- Supplied records -

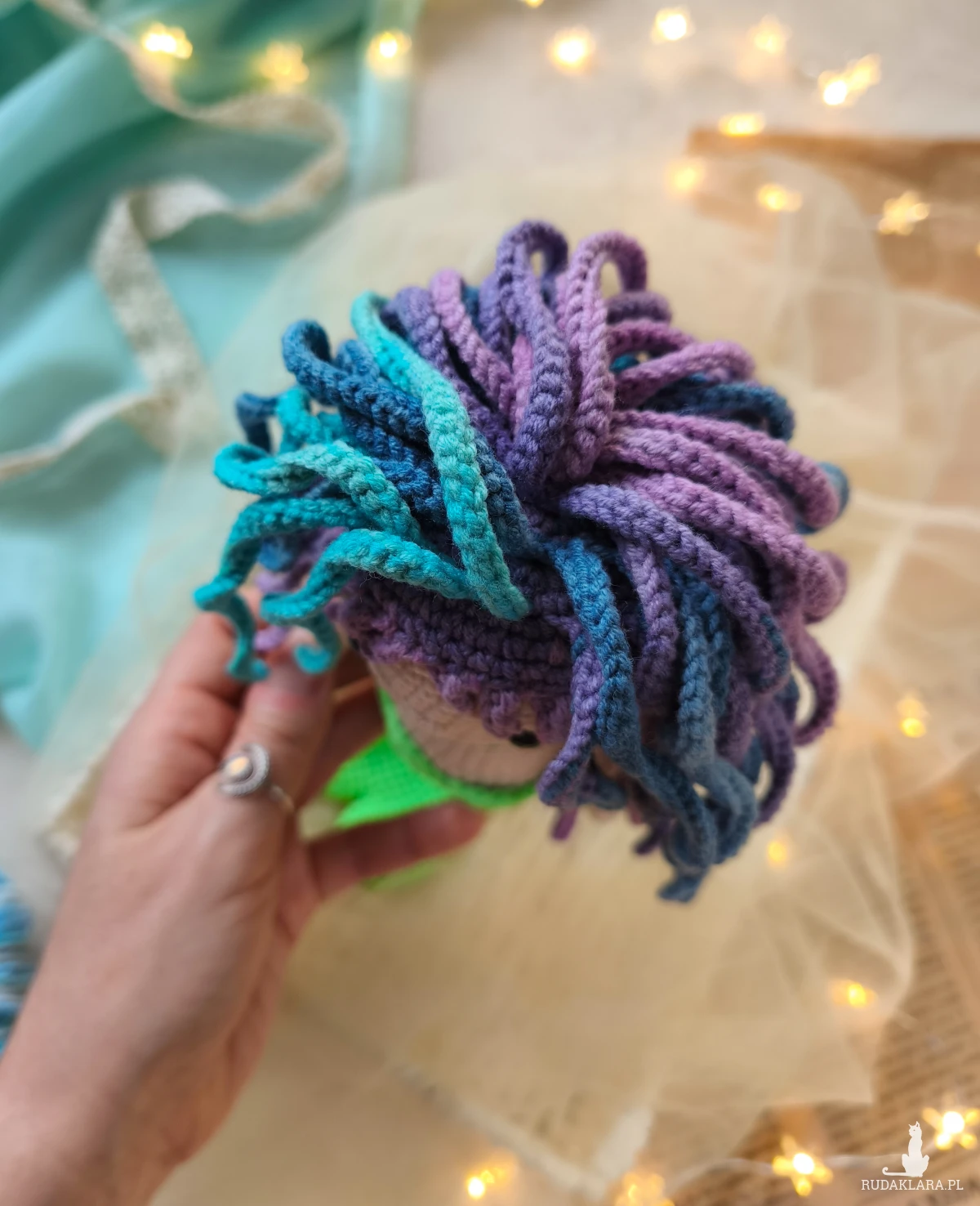 • Włosy wyszydełkowane są z włóczki wielobarwnej, kolory - odcienie niebieskiego i fioletowego.
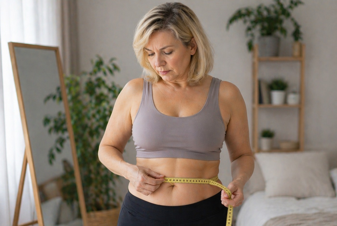 стрелка на весах может колебаться, питание выстроено, физическая активность присутствует — но силуэт остаётся прежним. Живот сохраняет выпуклость, бока не уменьшаются, а ощущение «плотного центра» в теле не появляется.
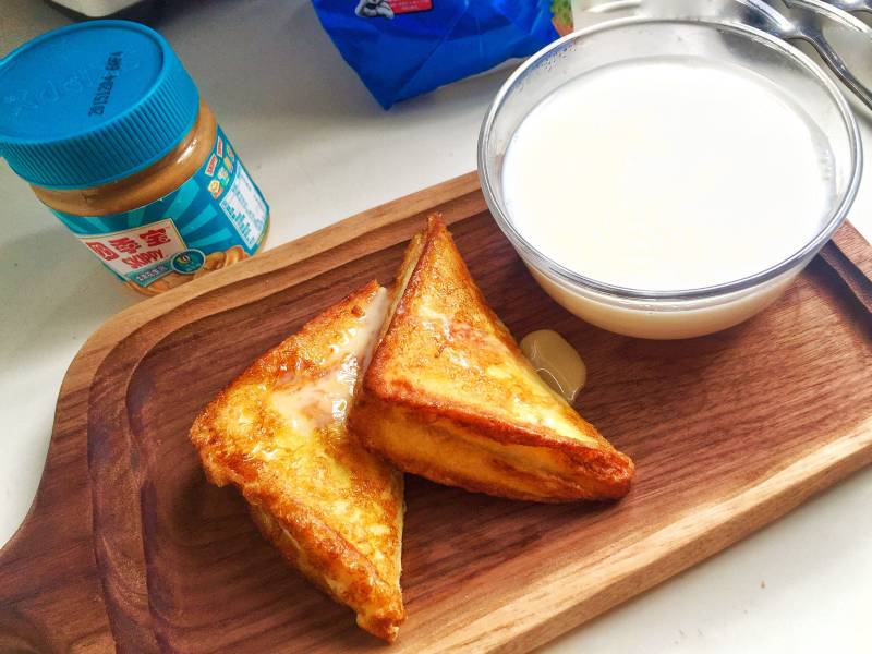 1:吐司一片,按顺序涂花生酱,铺香蕉片,涂炼奶,铺芝士片盖上另一片吐司
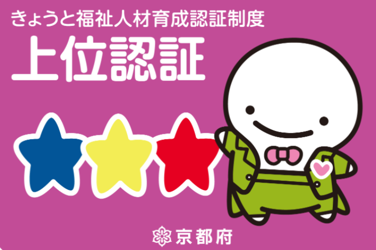 これらの取組が認められ、京都府知事から、「きょうと福祉人材育成認証制度」に基づく「上位認証★★★」を取得しました。
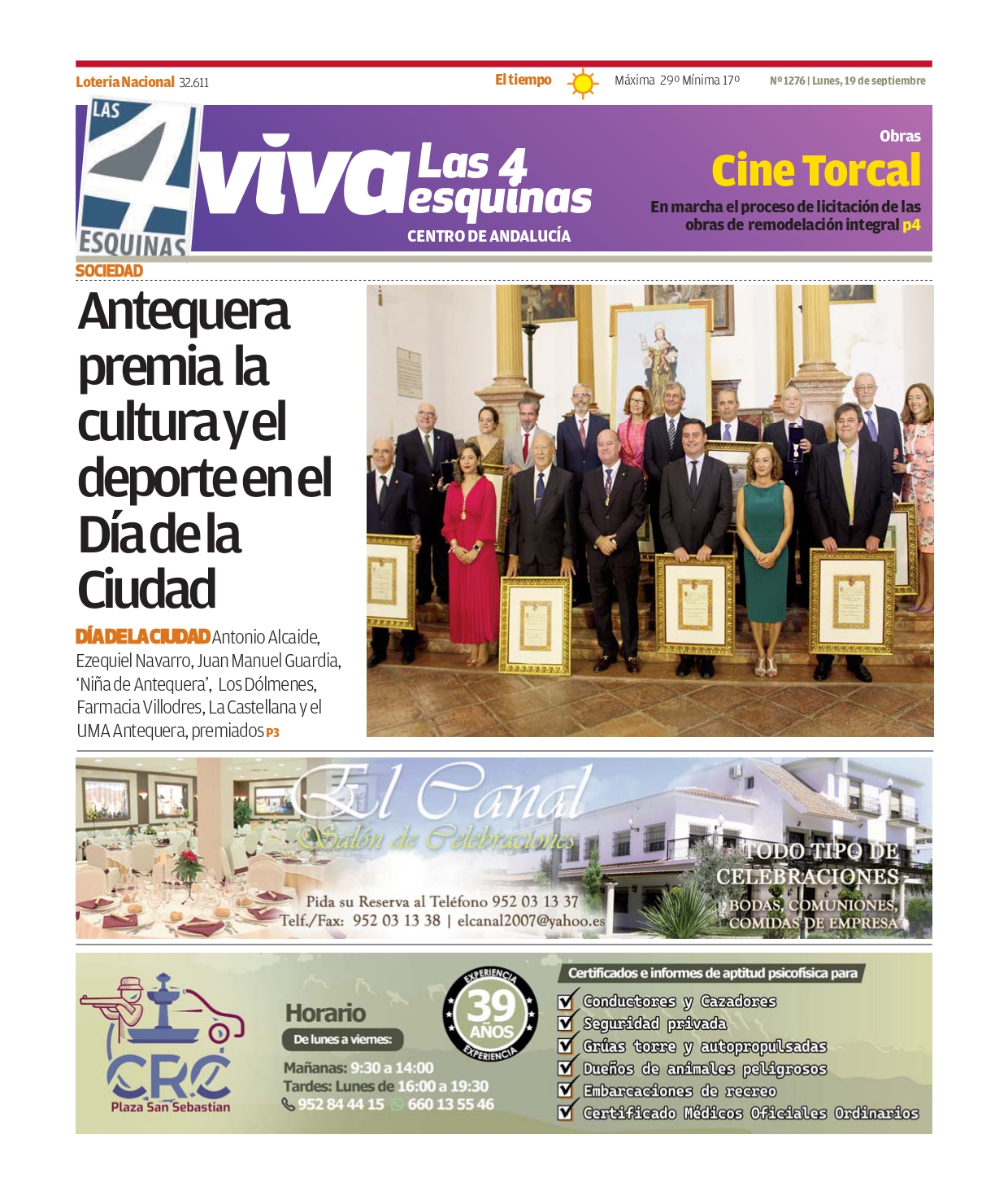 Periódico | VIVA Las 4 Esquinas 19 septiembre – Antequera premia la cultura y el deporte en el Día de la Ciudad
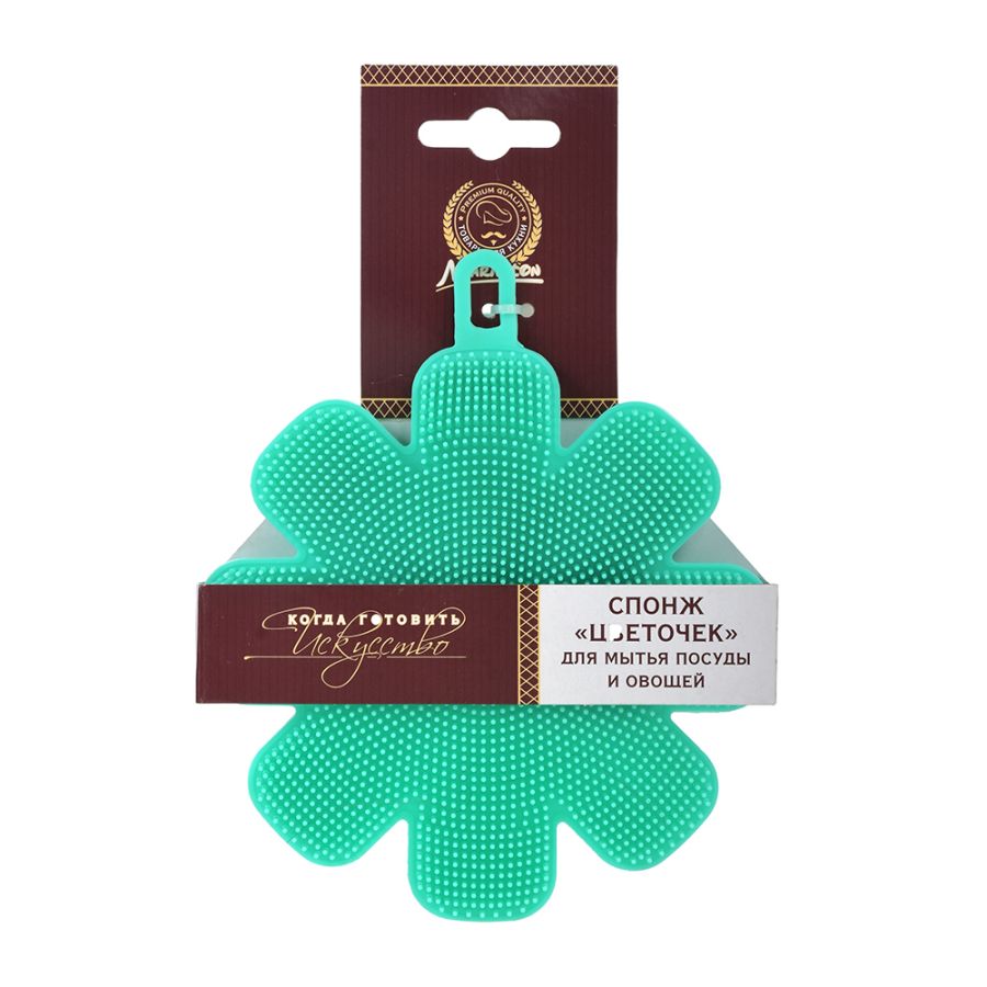 Скребок-щетка для мытья посуды (спонж) силикон 14*12см "Marmiton "Цветочек" цвет микс (20)
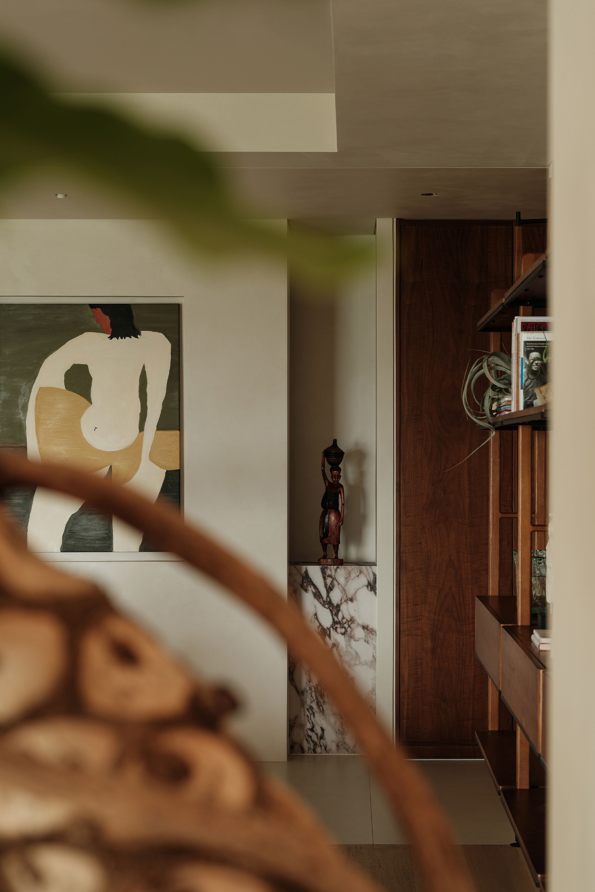 In the final vignette, art and artifact shape the atmosphere. A bold nude painting leans into modern expression, while a carved wooden figure rooted in tradition stands nearby, placed on a marble pedestal as if honoring ancestry. These juxtapositions tell a story larger than the room itself—of cultures meeting, histories overlapping, and identity layered across objects. The home becomes not just a place to live, but a mirror of memory, belonging, and curiosity.
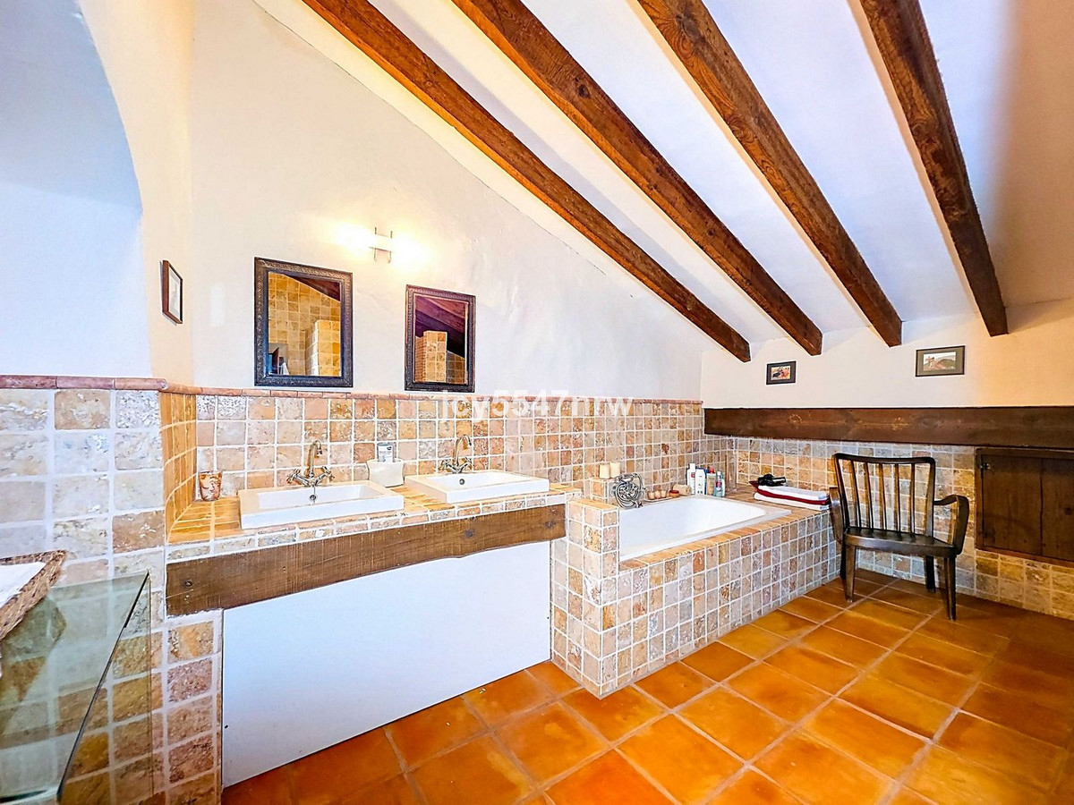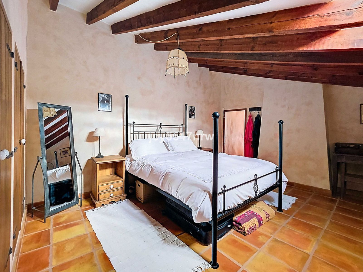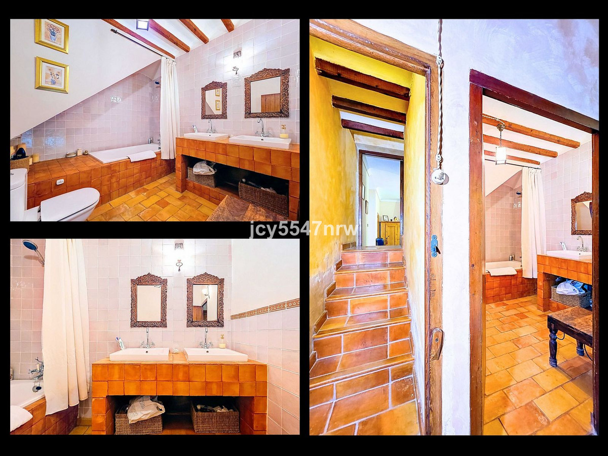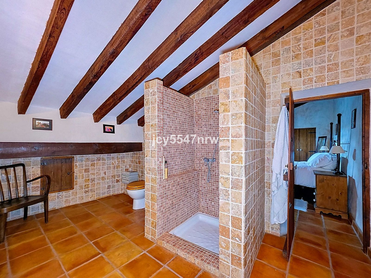 From the kitchen, a hallway and staircase lead to another bedroom with its own bathroom (with bathtub and shower). On the lower level (same as the entrance), there is a living room with a stove and even an original bread oven, a bedroom and another private bathroom.
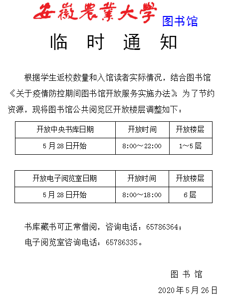 疫情防控期间图书馆公共阅览区开放模式调整通知
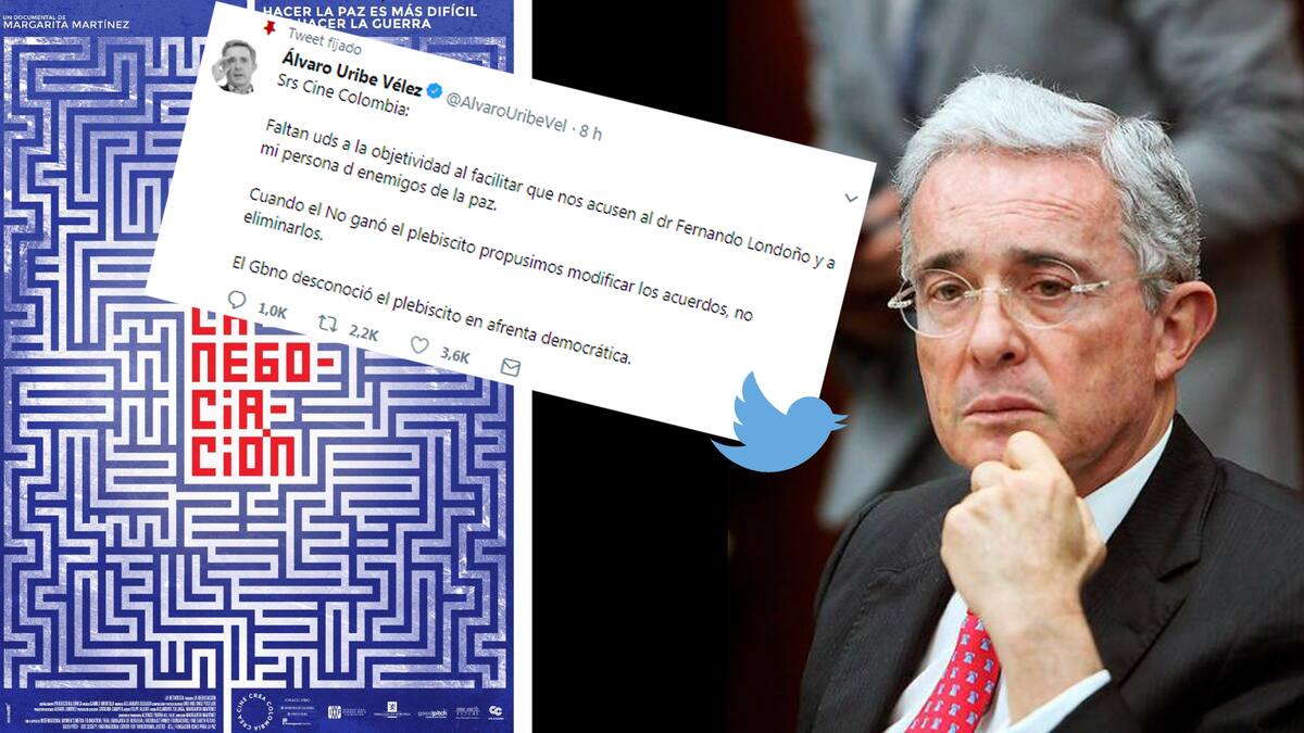 'Señores Cine Colombia: Faltan ustedes a la objetividad al facilitar que nos acusen al doctor Fernando Londoño y a mi persona de enemigos de la paz', sentenció Uribe, comenzando un debate en redes sociales.
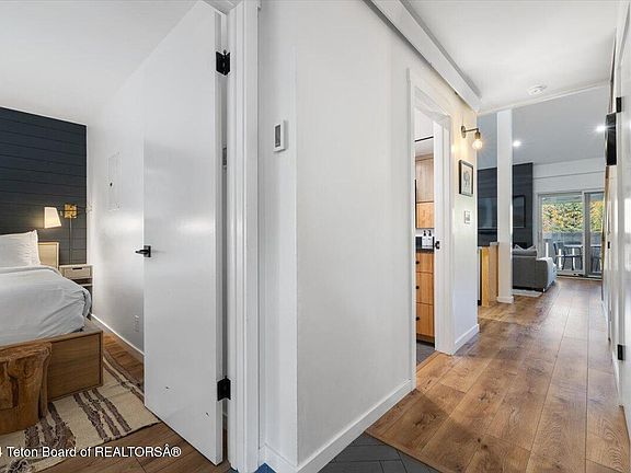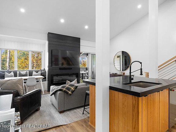 This stylishly remodeled two-bedroom, two-bathroom top floor condo is conveniently located close to the Jackson Hole Mountain Resort, Grand Teton National Park, the Town of Jackson, a bus stop and over 70 miles of bike paths. Teton views, a serene creek out the front door and a covered porch to take in the wonderful mountain scenes. Short-term rentals are permitted. An ideal offering in Jackson Hole.
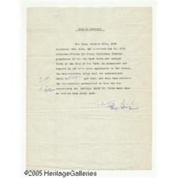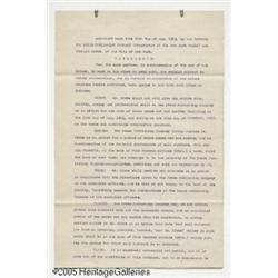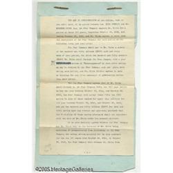 <B>Rudolph Dirks Comic Strip Contracts Lot of 2 (1911-1913).</B></I> You want a piece of comic strip history? You want to know what one of the most successful cartoonists in the world was making in 1911, 1913, 1915, and 1922? And not just <I>any</B></I> successful cartoonist, but the man who played a pivotal role in the development of the comic strip, created those adolescent agents of chaos, <I>The Katzenjammer Kids</B></I>, and eventually <I>The Captain and the Kids</B></I>? Here are two notarized contracts between the Press Publishing Company, proprietor of the <B>New York World</B></I> and Rudolph Dirks of the City of New York. The first contract is dated November 7, 1911 and the second is dated May 12, 1913. There is also an option notification dated October 15, 1917 and a contract memo which is dated October 16, 1922. These historical documents are approximately 8.5" x 11" and in Very Good condition. Dirks defined a vocabulary of comics language and created the most durable of all American comic strips. Here's your chance to possess a part of his legacy. <I>From the collection of Rudolph and John Dirks.</B></I> 4 items
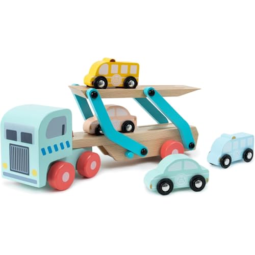 Speedy Monkey Wooden Car Transporter - Double-Deck Trailer with 4 Colourful Cars - Great Toys for 2 Year Old Girls, Toys for 3 Year Old Boys & Toys for 4 Year Old Boy - Develops Fine Motor Skills
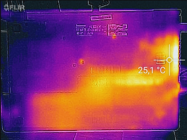 (+) Die Handballen und der Touchpad-Bereich erreichen maximal 33.9 °C und damit die typische Hauttemperatur und fühlen sich daher nicht heiß an.

- About this task -
Copy the entries above verbatim. Pictures do not belong in the copy.

- Final answer -
 • Włosy wyszydełkowane są z włóczki wielobarwnej, kolory - odcienie niebieskiego i fioletowego.
 стрелка на весах может колебаться, питание выстроено, физическая активность присутствует — но силуэт остаётся прежним. Живот сохраняет выпуклость, бока не уменьшаются, а ощущение «плотного центра» в теле не появляется.
 1:吐司一片,按顺序涂花生酱,铺香蕉片,涂炼奶,铺芝士片盖上另一片吐司
 これらの取組が認められ、京都府知事から、「きょうと福祉人材育成認証制度」に基づく「上位認証★★★」を取得しました。
 Periódico | VIVA Las 4 Esquinas 19 septiembre – Antequera premia la cultura y el deporte en el Día de la Ciudad
 Скребок-щетка для мытья посуды (спонж) силикон 14*12см "Marmiton "Цветочек" цвет микс (20)
 In the final vignette, art and artifact shape the atmosphere. A bold nude painting leans into modern expression, while a carved wooden figure rooted in tradition stands nearby, placed on a marble pedestal as if honoring ancestry. These juxtapositions tell a story larger than the room itself—of cultures meeting, histories overlapping, and identity layered across objects. The home becomes not just a place to live, but a mirror of memory, belonging, and curiosity.
 From the kitchen, a hallway and staircase lead to another bedroom with its own bathroom (with bathtub and shower). On the lower level (same as the entrance), there is a living room with a stove and even an original bread oven, a bedroom and another private bathroom.
 疫情防控期间图书馆公共阅览区开放模式调整通知
 'Señores Cine Colombia: Faltan ustedes a la objetividad al facilitar que nos acusen al doctor Fernando Londoño y a mi persona de enemigos de la paz', sentenció Uribe, comenzando un debate en redes sociales.
 This stylishly remodeled two-bedroom, two-bathroom top floor condo is conveniently located close to the Jackson Hole Mountain Resort, Grand Teton National Park, the Town of Jackson, a bus stop and over 70 miles of bike paths. Teton views, a serene creek out the front door and a covered porch to take in the wonderful mountain scenes. Short-term rentals are permitted. An ideal offering in Jackson Hole.
 <B>Rudolph Dirks Comic Strip Contracts Lot of 2 (1911-1913).</B></I> You want a piece of comic strip history? You want to know what one of the most successful cartoonists in the world was making in 1911, 1913, 1915, and 1922? And not just <I>any</B></I> successful cartoonist, but the man who played a pivotal role in the development of the comic strip, created those adolescent agents of chaos, <I>The Katzenjammer Kids</B></I>, and eventually <I>The Captain and the Kids</B></I>? Here are two notarized contracts between the Press Publishing Company, proprietor of the <B>New York World</B></I> and Rudolph Dirks of the City of New York. The first contract is dated November 7, 1911 and the second is dated May 12, 1913. There is also an option notification dated October 15, 1917 and a contract memo which is dated October 16, 1922. These historical documents are approximately 8.5" x 11" and in Very Good condition. Dirks defined a vocabulary of comics language and created the most durable of all American comic strips. Here's your chance to possess a part of his legacy. <I>From the collection of Rudolph and John Dirks.</B></I> 4 items
 Speedy Monkey Wooden Car Transporter - Double-Deck Trailer with 4 Colourful Cars - Great Toys for 2 Year Old Girls, Toys for 3 Year Old Boys & Toys for 4 Year Old Boy - Develops Fine Motor Skills
 (+) Die Handballen und der Touchpad-Bereich erreichen maximal 33.9 °C und damit die typische Hauttemperatur und fühlen sich daher nicht heiß an.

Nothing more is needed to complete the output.